Segment Start: DATA TO PROCESS
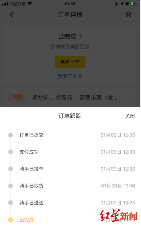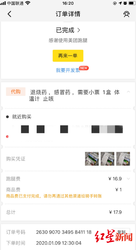 1月9日近中午白女士开始发烧,嗓子疼痛,于是她通过美团APP选择了跑腿代购购买药物。红星新闻记者看到,通过该平台“跑腿代购”选项进入,在“同城帮买”的页面里,有专门的“代购药物”页面。根据白女士提供的当时的订单截图显示,白女士备注需要代购的内容为“退烧药、感冒药一盒、体温计、止咳”并备注“需要小票”、“就近购买”。
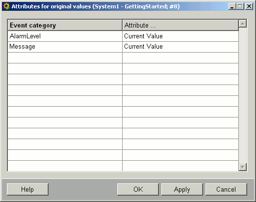 In case of a category of type simple event, this setting is ignored since an alert text is always shown in the original value (see config entry [opcae_<servername>] simpleEventDp of the OPC A&E client). In case of a subscription ALL_<Server name> (see next section), this setting is also ignored and thus no attributes are requested.
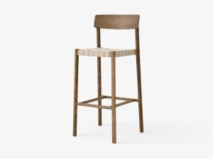 Барный стул из массива дерева с льняным сиденьем
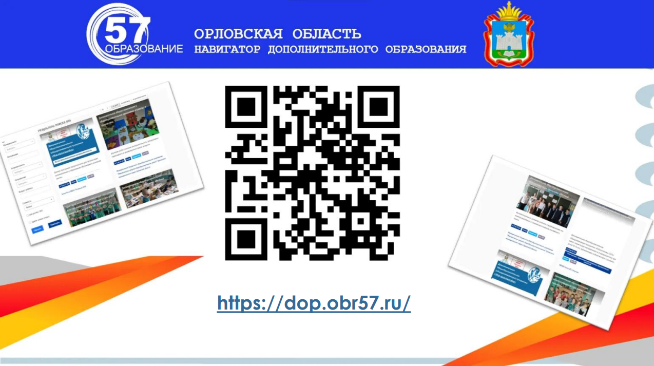 Запись на кружки и мероприятия осуществляется по ссылке https://dop.obr57.ru/
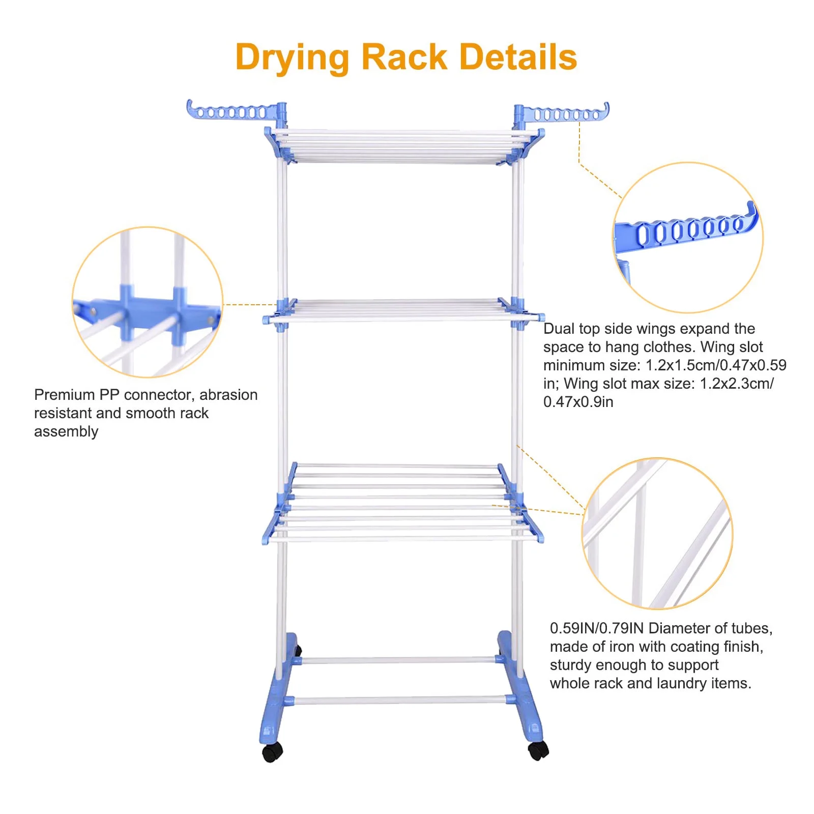 Homemart Clothes Drying Rack, 4-Tier Foldable Laundry Drying Rack, Stainless Steel Garment Clothes Dryer Indoor or Outdoor Standing Clothing Rack with Wheels, Blue
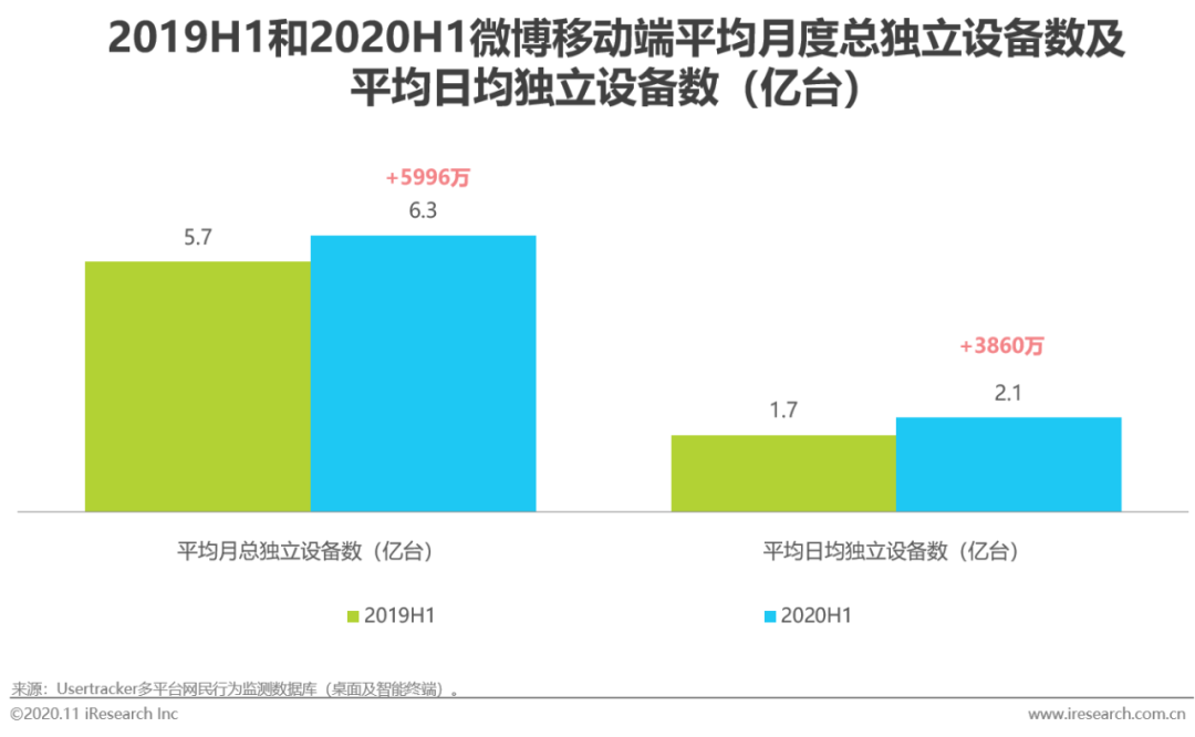 尽管面临激烈的流量竞争,作为中国移动互联网的“国民级”应用,微博用户仍在高基数下保持稳健增长,活跃率水平整体较高,同时触达更多下沉地区用户。艾瑞Usertracker多平台网民行为监测数据显示,2020年上半年微博移动端平均月度总独立设备数达6.3亿台,同比增长5996万台;同时,2020年上半年平均日均独立设备数达2.1亿台,同比增长3860万台。在用户地域分布方面,四线及以下用户占比同比连年增长,达到29%。
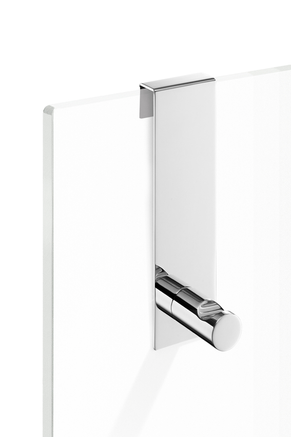 Der Haken wird einfach über die Glaswand gehängt, kein Bohren oder Kleben ist nötig. Ein weiches, transparentes Kunststoffpad auf der Innenseite verhindert ein Verrutschen und schützt zudem die Glasoberfläche.
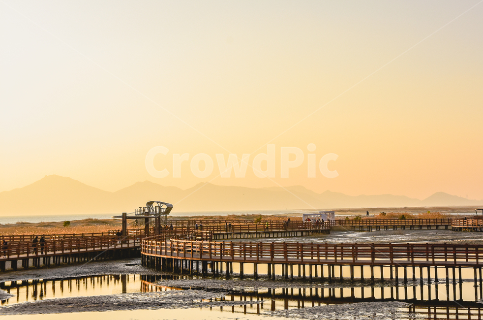다대포 해수욕장은 서부산에 위치한 해변으로, 썰물 때 드러나는 넓은 갯벌이 특징입니다. 이로 인해 일출 시간에는 물웅덩이에 하늘과 태양이 비치는 반영 풍경을 감상할 수 있습니다.
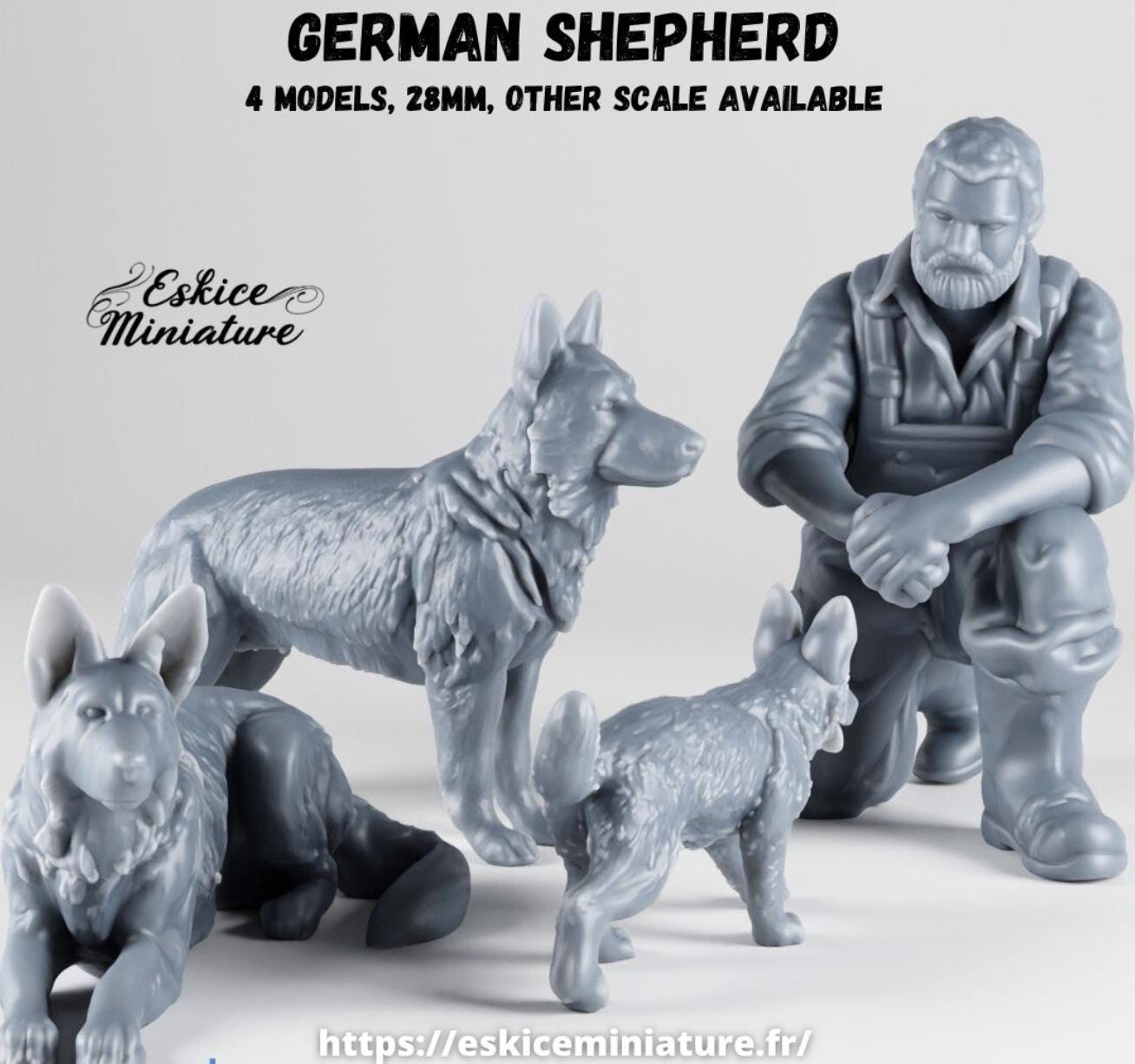 Resin Printed Miniatures- German sheperd with farmer (8 Pack)
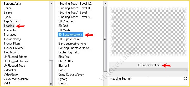 **Sur le calque dupliqué **Effets/Toadies / 3D Supercheckers réglages suivants : Mode de fusion: Recouvrement Garder la sélection 6 - Activer le calque 2 Effets/Effets de Textures/Textile réglages suivants : 2/5/10/ couleur #000000
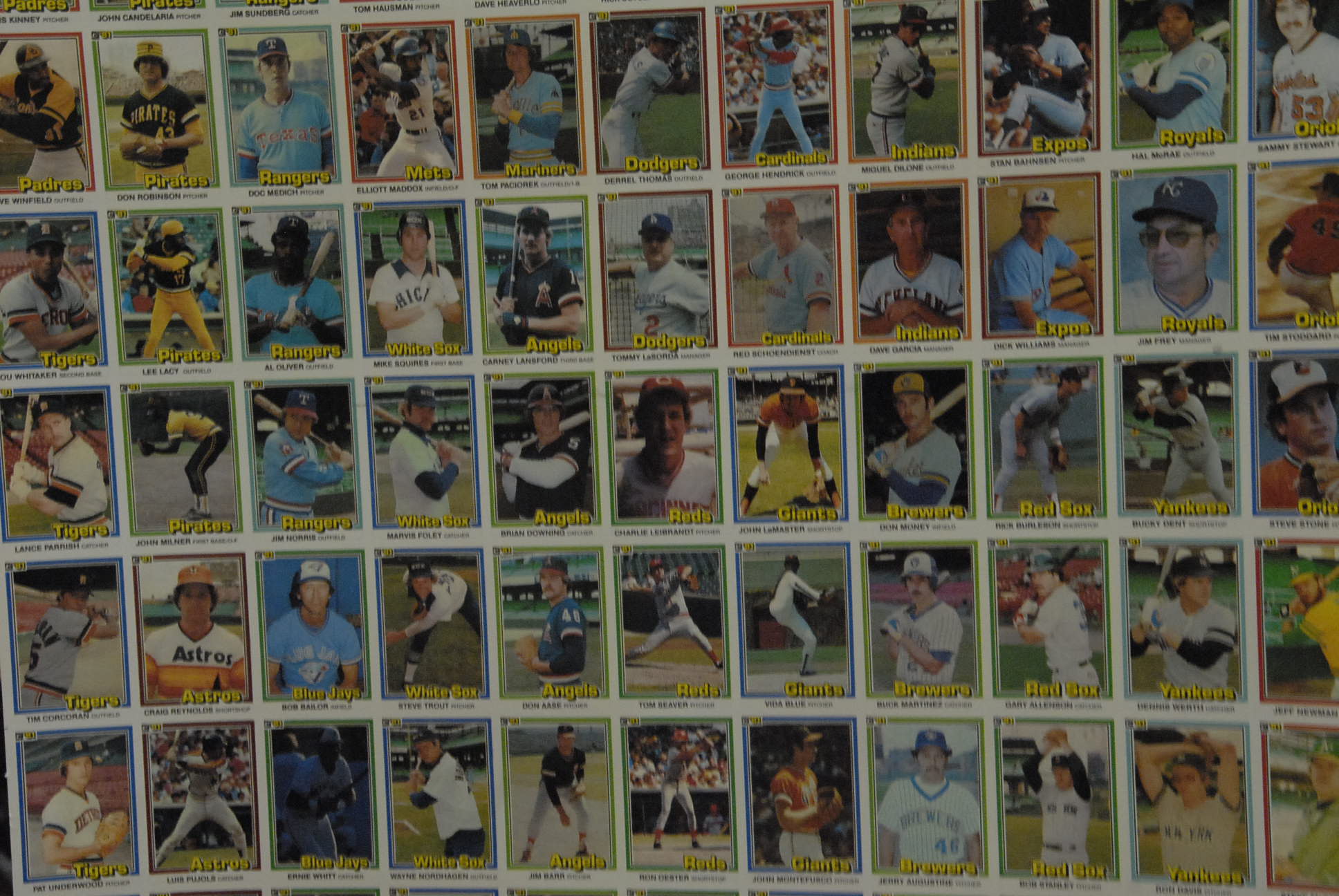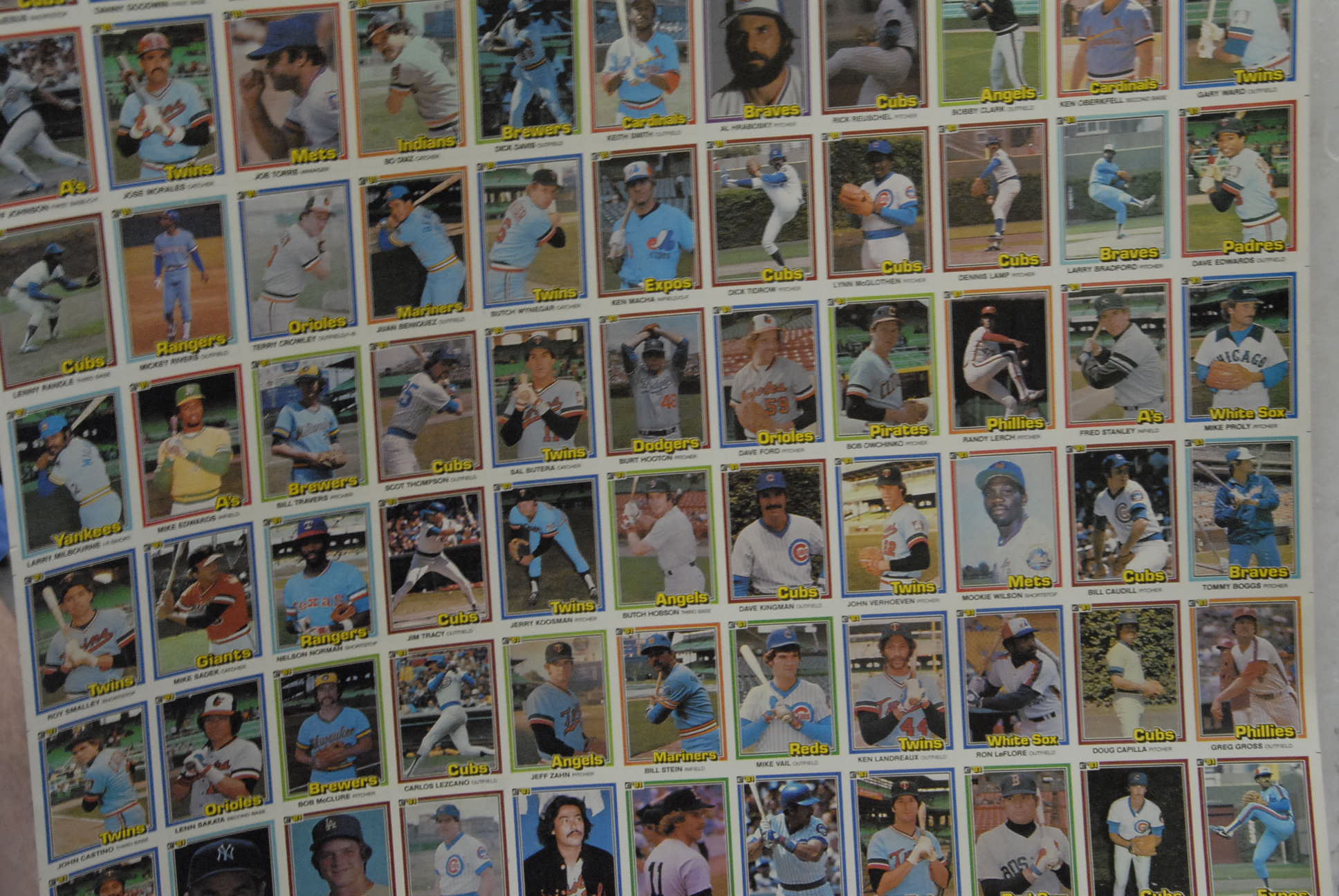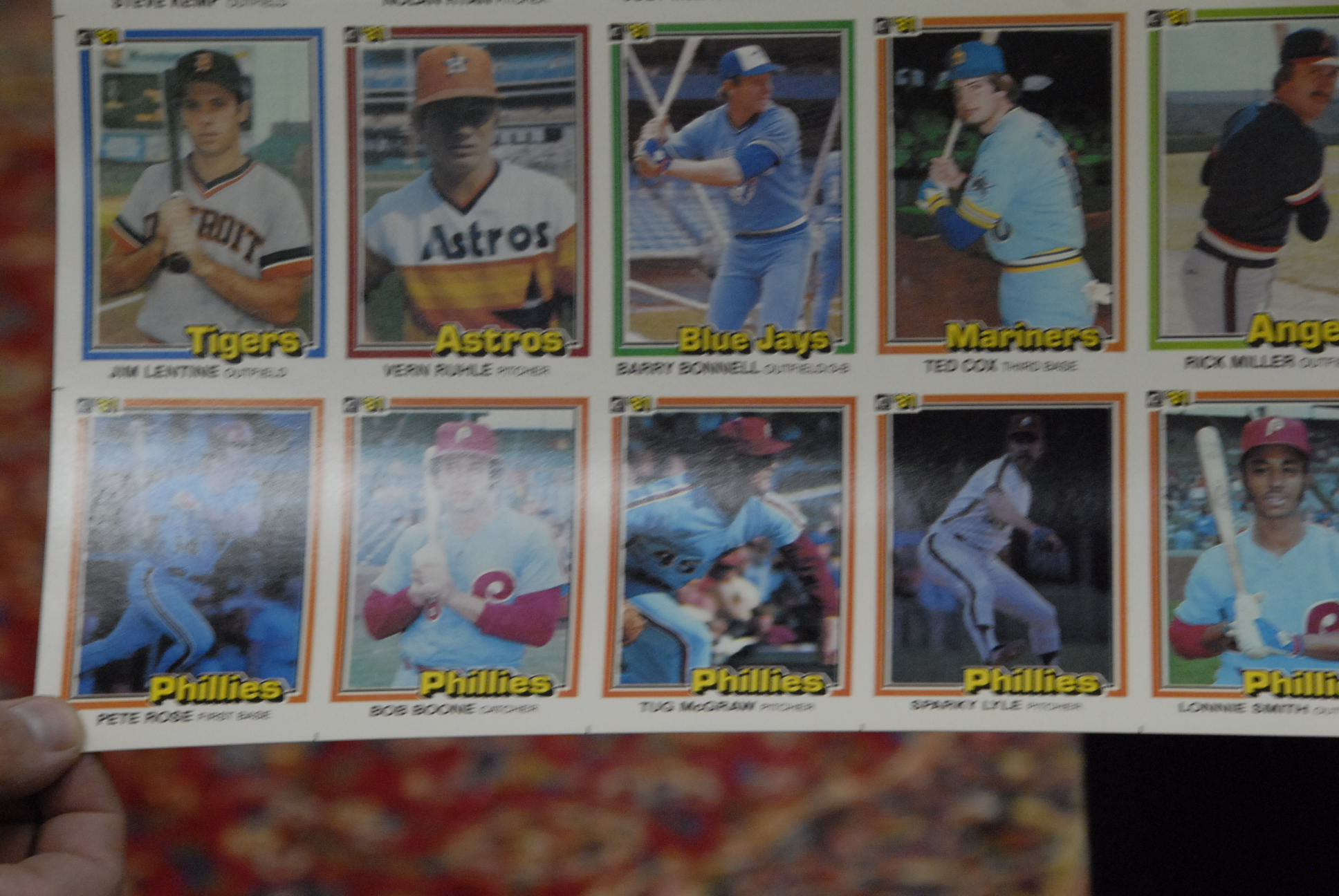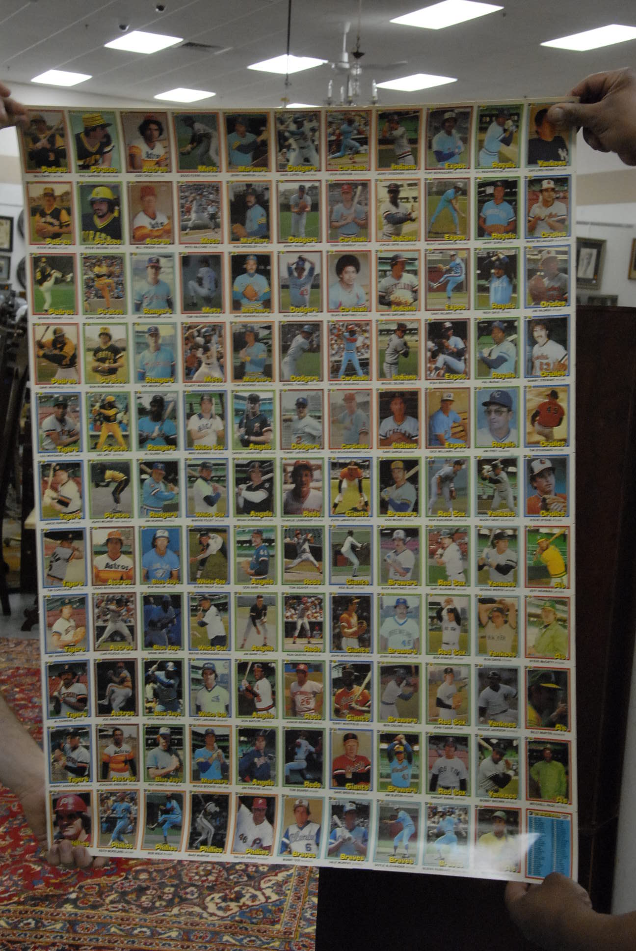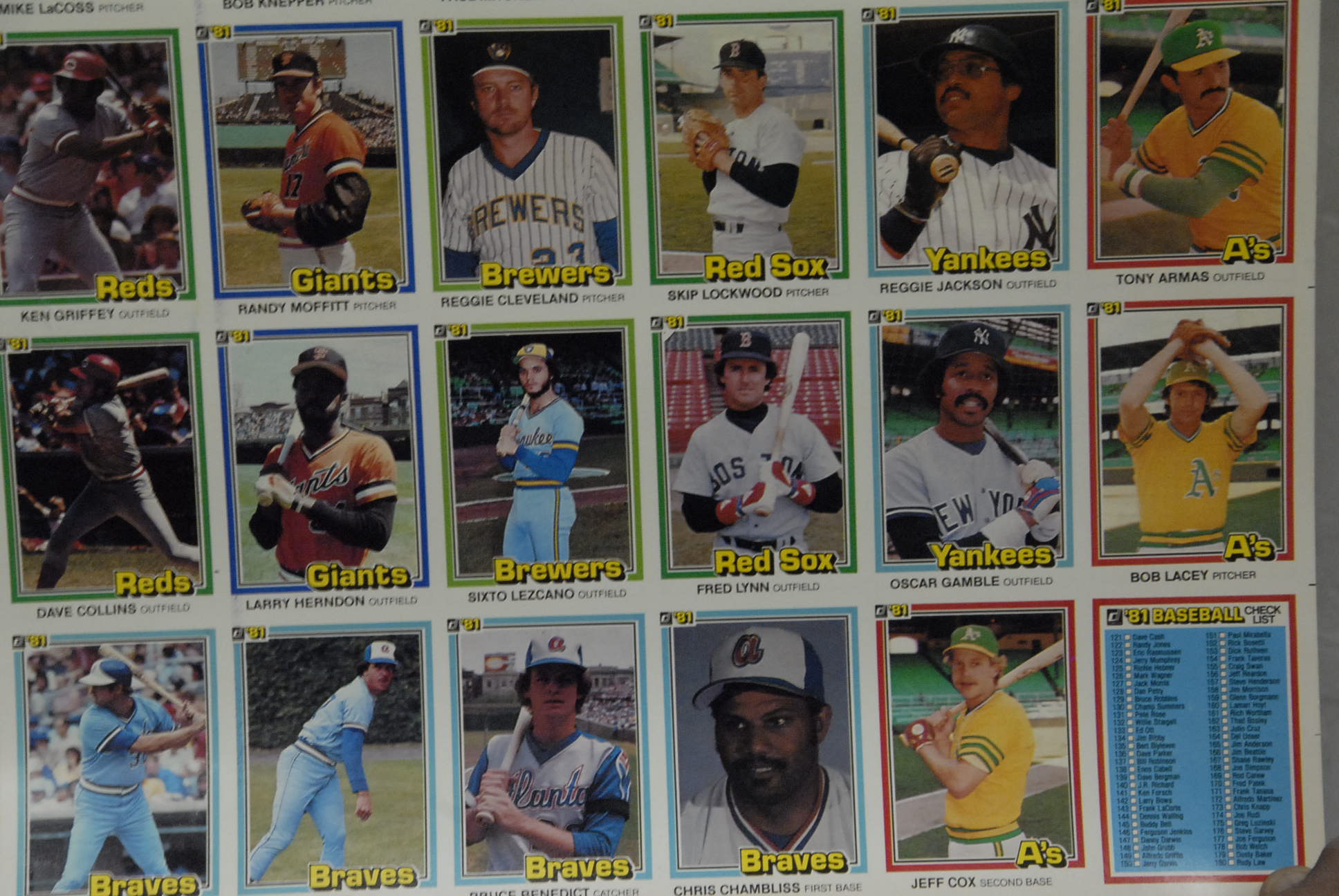 Set of five uncut sheets of 1981 baseball cards to include Pete Rose, Reggie Jackson, etc also with home run king Hank Aaron plaque
Segment End: DATA TO PROCESS
TASK PROMPT: Reproduce all lines above exactly. Leave the images out.

RESULT BELOW:
 1月9日近中午白女士开始发烧,嗓子疼痛,于是她通过美团APP选择了跑腿代购购买药物。红星新闻记者看到,通过该平台“跑腿代购”选项进入,在“同城帮买”的页面里,有专门的“代购药物”页面。根据白女士提供的当时的订单截图显示,白女士备注需要代购的内容为“退烧药、感冒药一盒、体温计、止咳”并备注“需要小票”、“就近购买”。
 In case of a category of type simple event, this setting is ignored since an alert text is always shown in the original value (see config entry [opcae_<servername>] simpleEventDp of the OPC A&E client). In case of a subscription ALL_<Server name> (see next section), this setting is also ignored and thus no attributes are requested.
 Барный стул из массива дерева с льняным сиденьем
 Запись на кружки и мероприятия осуществляется по ссылке https://dop.obr57.ru/
 Homemart Clothes Drying Rack, 4-Tier Foldable Laundry Drying Rack, Stainless Steel Garment Clothes Dryer Indoor or Outdoor Standing Clothing Rack with Wheels, Blue
 尽管面临激烈的流量竞争,作为中国移动互联网的“国民级”应用,微博用户仍在高基数下保持稳健增长,活跃率水平整体较高,同时触达更多下沉地区用户。艾瑞Usertracker多平台网民行为监测数据显示,2020年上半年微博移动端平均月度总独立设备数达6.3亿台,同比增长5996万台;同时,2020年上半年平均日均独立设备数达2.1亿台,同比增长3860万台。在用户地域分布方面,四线及以下用户占比同比连年增长,达到29%。
 Der Haken wird einfach über die Glaswand gehängt, kein Bohren oder Kleben ist nötig. Ein weiches, transparentes Kunststoffpad auf der Innenseite verhindert ein Verrutschen und schützt zudem die Glasoberfläche.
다대포 해수욕장은 서부산에 위치한 해변으로, 썰물 때 드러나는 넓은 갯벌이 특징입니다. 이로 인해 일출 시간에는 물웅덩이에 하늘과 태양이 비치는 반영 풍경을 감상할 수 있습니다.
 Resin Printed Miniatures- German sheperd with farmer (8 Pack)
 **Sur le calque dupliqué **Effets/Toadies / 3D Supercheckers réglages suivants : Mode de fusion: Recouvrement Garder la sélection 6 - Activer le calque 2 Effets/Effets de Textures/Textile réglages suivants : 2/5/10/ couleur #000000
 Set of five uncut sheets of 1981 baseball cards to include Pete Rose, Reggie Jackson, etc also with home run king Hank Aaron plaque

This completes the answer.